Illustrates a case study of a splicing factor complex to regulate cancer-related alternative splicing in cancer. ILF2-ILF3 regulates 228 abnormal alternative splicing events and leads to poor prognosis in LIHC.

To gain insights into the underlying mechanisms of cancer progression and understand the functional roles of the ILF2-ILF3 complex, we conducted a differential analysis. Specifically, we compared patients with high expression of ILF2-ILF3 to those with low expression and identified 676 AS events that exhibited differential values. Among these, 288 AS events were not only differentially expressed between LIHC tumor tissues and normal tissues but also showed an association with the expression of ILF2 and ILF3 (Fig. 5B, Supplementary Table 6). Moreover, conducting a disease enrichment analysis, we discovered that these 288 AS events, located in 135 genes, were significantly enriched in liver diseases and secondary malignant neoplasms of the liver (Fig. 5C). These findings suggest that the ILF2-ILF3 complex and its associated AS events may play essential roles in liver disease progression. Further investigations into the functional implications of these AS events could deepen our understanding of the underlying mechanisms involved and potentially lead to the identification of novel approaches for therapeutic interventions.

Based on our analysis, we found that 206 occurred in the coding region of genes, indicating potential changes in the protein-coding sequence. Among these AS events, 146 were predicted to result in in-frame alterations, which may lead to changes in the protein’s functional domains or interactions. On the other hand, 60 AS events were predicted to cause frame-shift alterations, potentially resulting in a disruption of the open reading frame and significant changes in the resulting protein. Additionally, 13 AS events were observed in the 5′UTR, while 24 AS events occurred in the 3′ UTR region, suggesting potential regulatory effects on gene expression (Fig. 5D, Supplementary Table 7).

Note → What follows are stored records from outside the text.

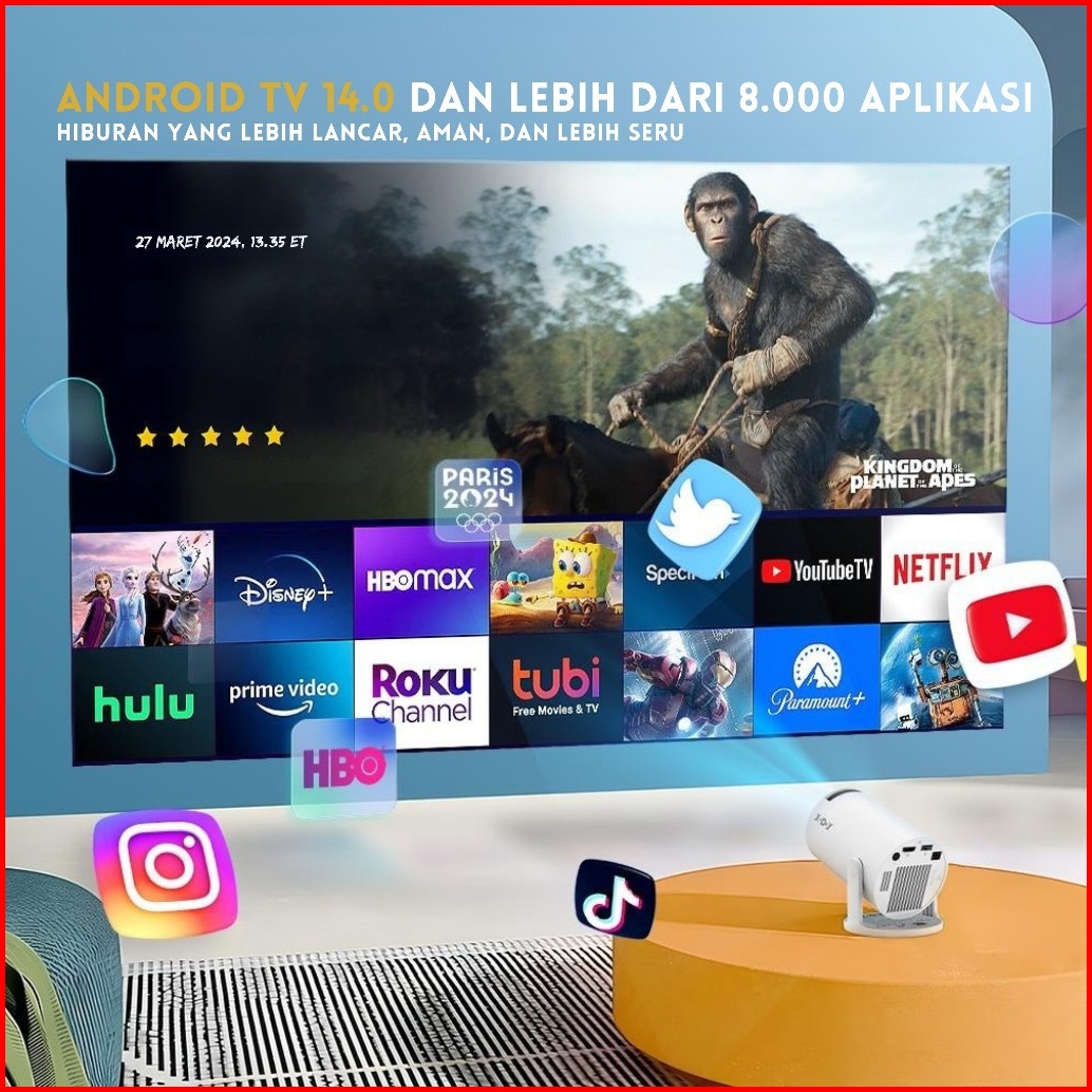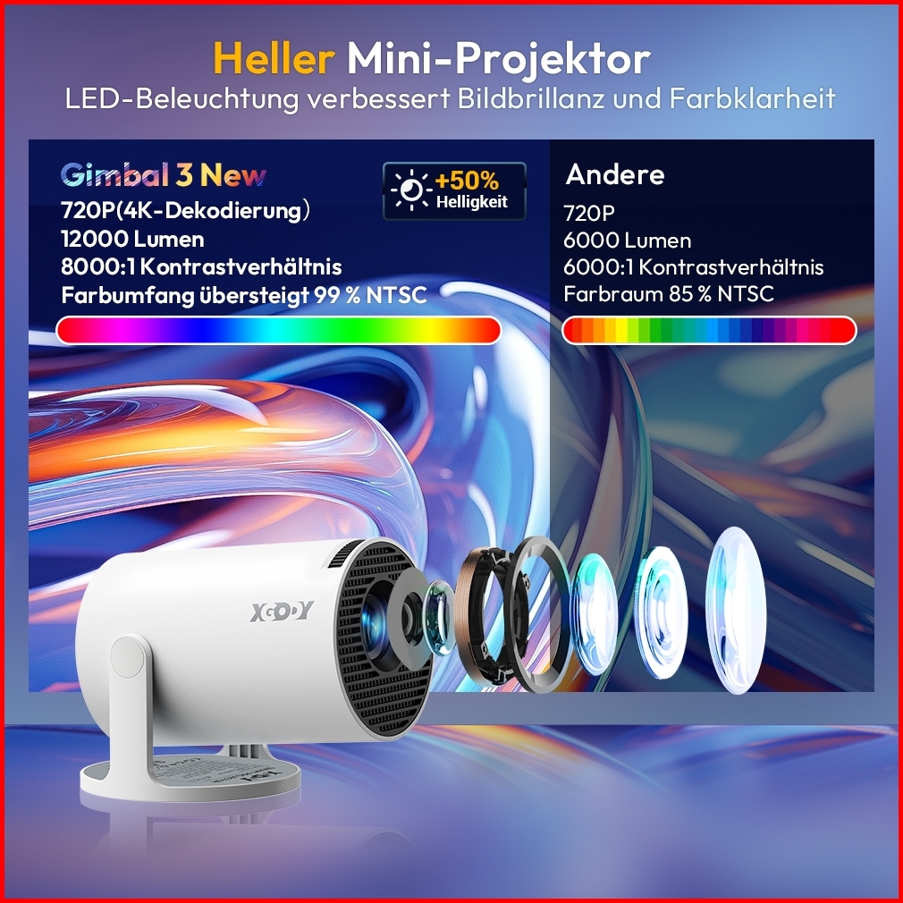 Xgody Gimbal 3 Smart Proyektor Lcd Android 14 - 720p - Auto Keystone - Netflix - Youtube - 220 Ansi
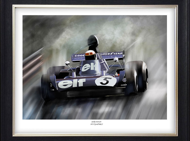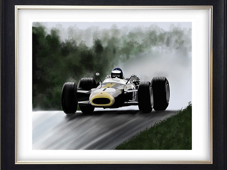 Formula one Gallery All giclee prints are limited editions of no more than 75 prints, numbered and signed by the artist. Super Swede Gilles The Maestro Dutch Delight A Brilliant win The Rain Master A New World Champion Italian duel Lotus Honda The Bear Rain dance Monaco Victory Red Five Ronnie Spa Domination Welsh Legend Lole James Ronnie’s last win
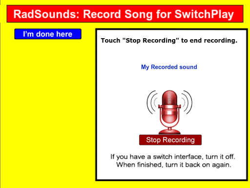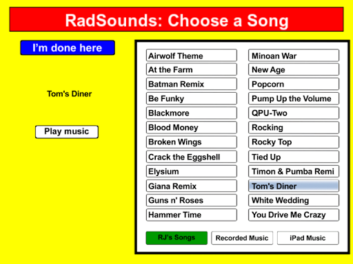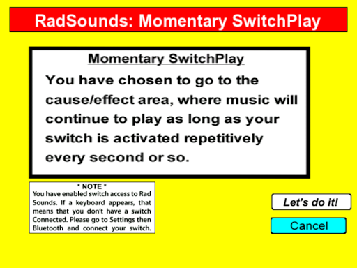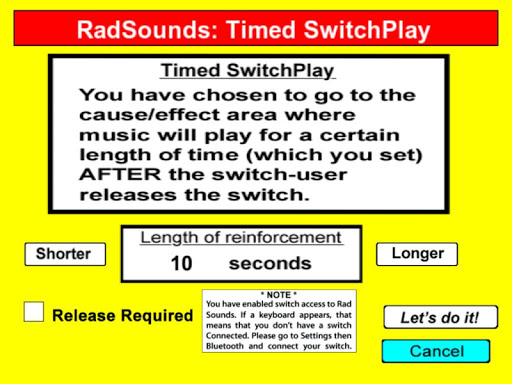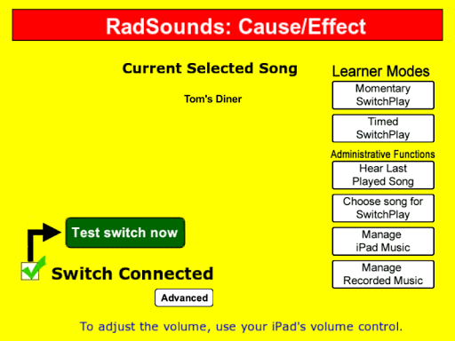 Radsounds - самая большая в мире музыкальная программа для причина / эффекта для специальных потребностей учащихся.Вы можете настроить свой плейлист, записывая или петь новую музыку на ваше устройство Android, импортируя из музыкальной библиотеки вашего устройства или использовать множество отличных песен, которые мы предоставляем, от многих типов.Существует мгновенный режим, где музыка играет только за время, когда вы держите палец на устройстве, Timed Mode, где музыка воспроизводится в течение определенного количества секунд после каждой активации, или расширенный режим, где пользователь выбирает песни, на велосипеде черезИх плейлист.
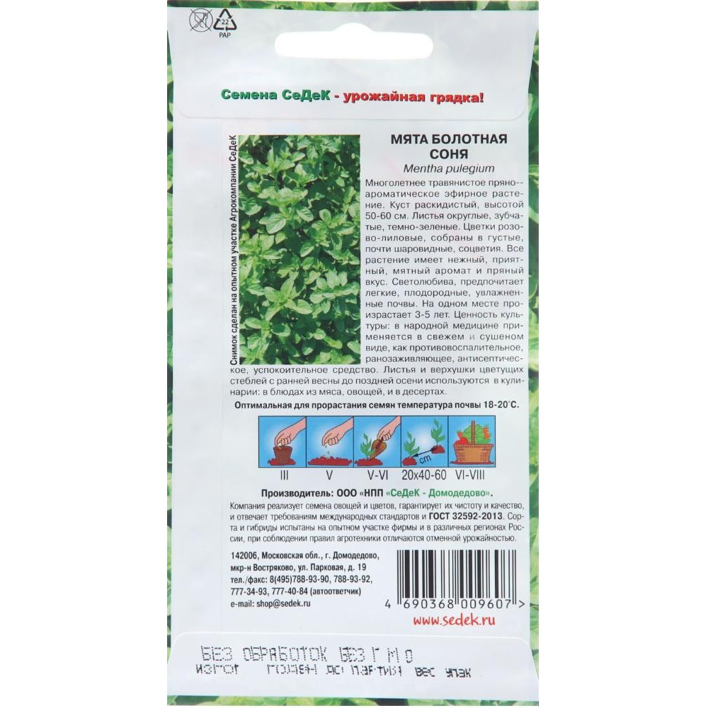 Технические характеристики Семена Мята Болотная Соня (491081)
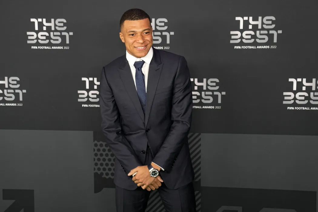 France's Kylian Mbappe poses on the green carpet before the ceremony of the Best FIFA Football Awards in Paris, France, Monday, Feb. 27, 2023. (AP Photo/Michel Euler)
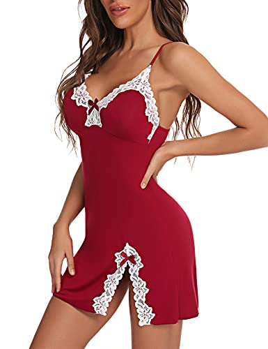 - 【Design】Schickes & Sexy Design: Damen Dessous Modal Spitze Chemise Babydoll verfügt über verstellbare Spaghettiträger, V-Ausschnitt mit floraler Spitze am Ausschnitt, Empire-Taille und Saum. So schick und charmant, um ein Brautnachthemd zu sein.
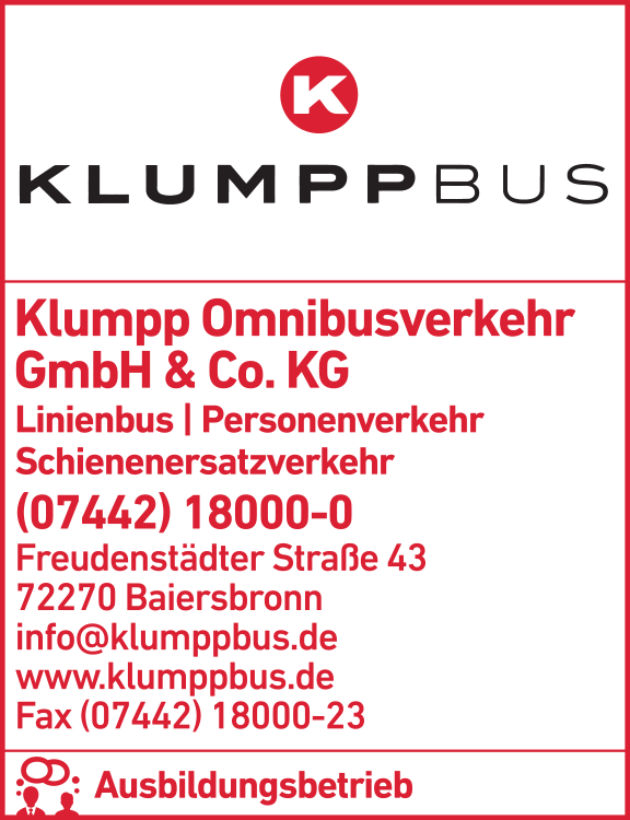 Klumpp GmbH 07442 1 80 00-0 Baiersbronn Freudenstädter Str. 43 72270 1 5 1
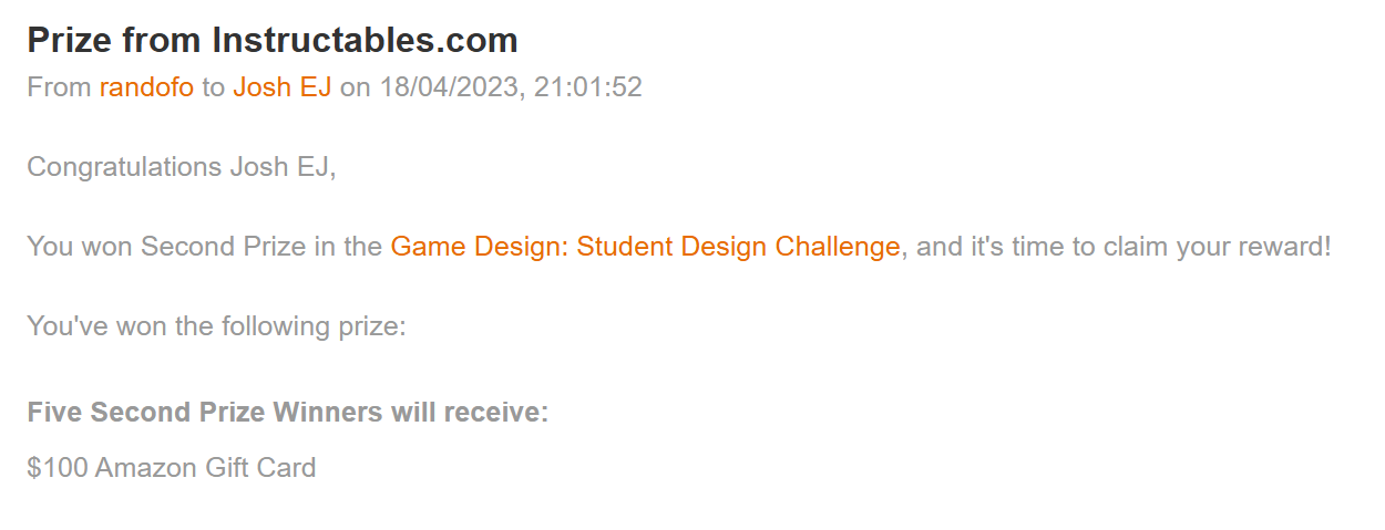 5. Second prize in Autodesk Instructables Game Design: Student Design Challenge.
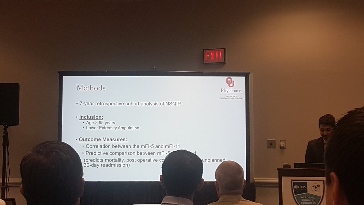 @VirajPandit describing the use of the 5 factor and 11 factor#mFI for predicting outcomes in lower limb#amputation patients. Great talk!#Frailty@UofOklahoma@PhysiciansTulsa@OUVascular@VascularAzpic.twitter.com/9TMgFM2iRY
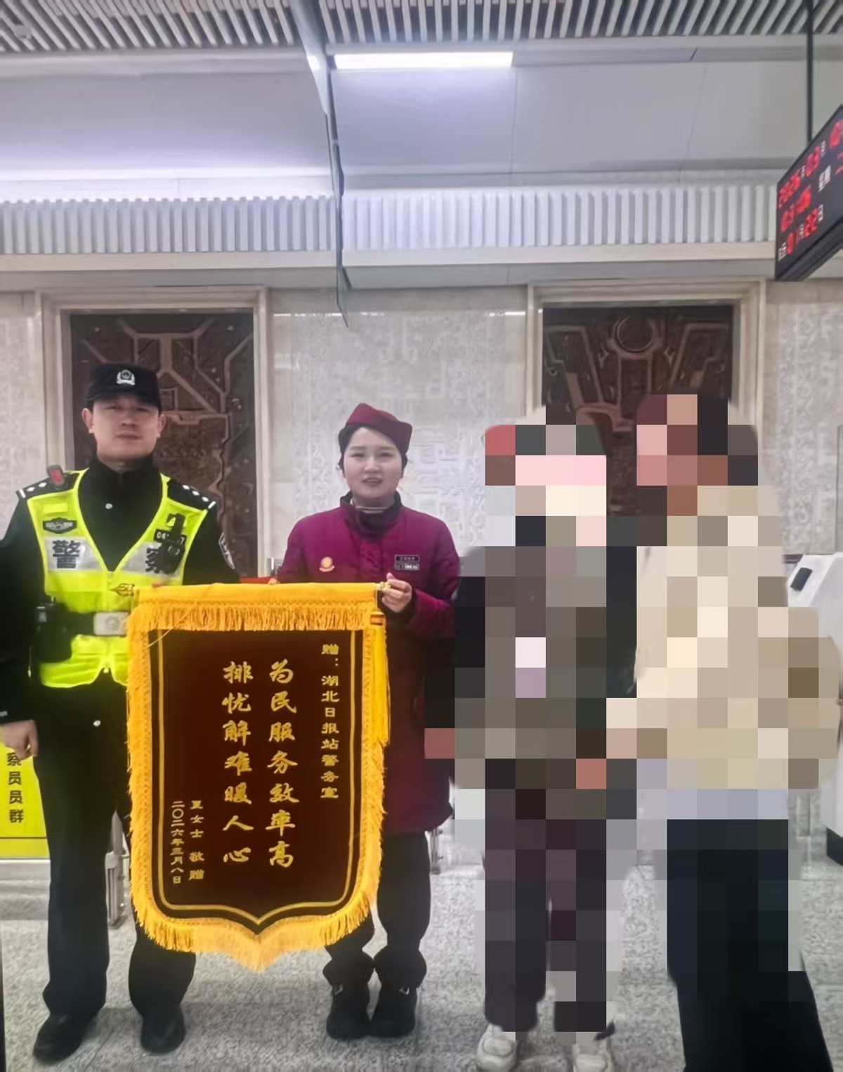3月10日10时许,走失女子及其姑妈专程来到省博站警务室,送上印有“为民服务效率高,排忧解难暖人心”的锦旗,对轨道民警、辅警及站务人员迅速联动、快速响应、用心守护群众平安的工作精神再次表达诚挚谢意。

Noting the tumor-suppressing function of MTSS1 in hematopoietic malignancies, it is worth mentioning that the downregulation of MTSS1, potentially caused by DNA methylation, has also been observed in various other cancer types [18–20]. Our findings reveal that exon 7 (chr8:125592791-125592803) skipping in MTSS1 results in a shift in the open reading frame, leading to the exclusion of residues 154 to 157 in O43312. This alteration causes the loss of crucial functional elements such as “chain,” “Compositional bias,” “InterPro Representative Domain,” “Region,” and “Coiled-coil” in Q06481 (Fig. 5E and Supplementary Fig. 2), potentially disrupting the protein’s normal biological functions and structural integrity. Additionally, previous studies have reported the overexpression of ACSM3 suppressing ovarian cancer progression and inhibiting the pathogenesis of high-grade serous ovarian carcinoma by promoting AMPK activity [21]. In the context of this study, the retained intron (chr16:20807811-20808207) in the 3′UTR region of ACSM3 increases the binding of miRNAs such as hsa-mir-3920, hsa-mir-5696, and has-mir-4452 (Supplementary Table 8). The intron retention in ACSM3 leads to mRNA degradation and contributes to a poor prognostic outcome for LIHC (Fig. 5F–H). The ILF2-ILF3 complex is involved in regulating both the exon skipping of MTSS1 and the intron retention in ACSM3, which can lead to the loss of protein function or mRNA degradation (Fig. 6). These mechanisms are significant contributors to the poor prognostic outcomes observed in LIHC. Understanding these regulatory processes is essential for identifying potential therapeutic targets and developing effective strategies to improve patient outcomes. Further research in this area will advance our understanding of LIHC pathogenesis and aid in the development of more targeted and efficient treatment approaches.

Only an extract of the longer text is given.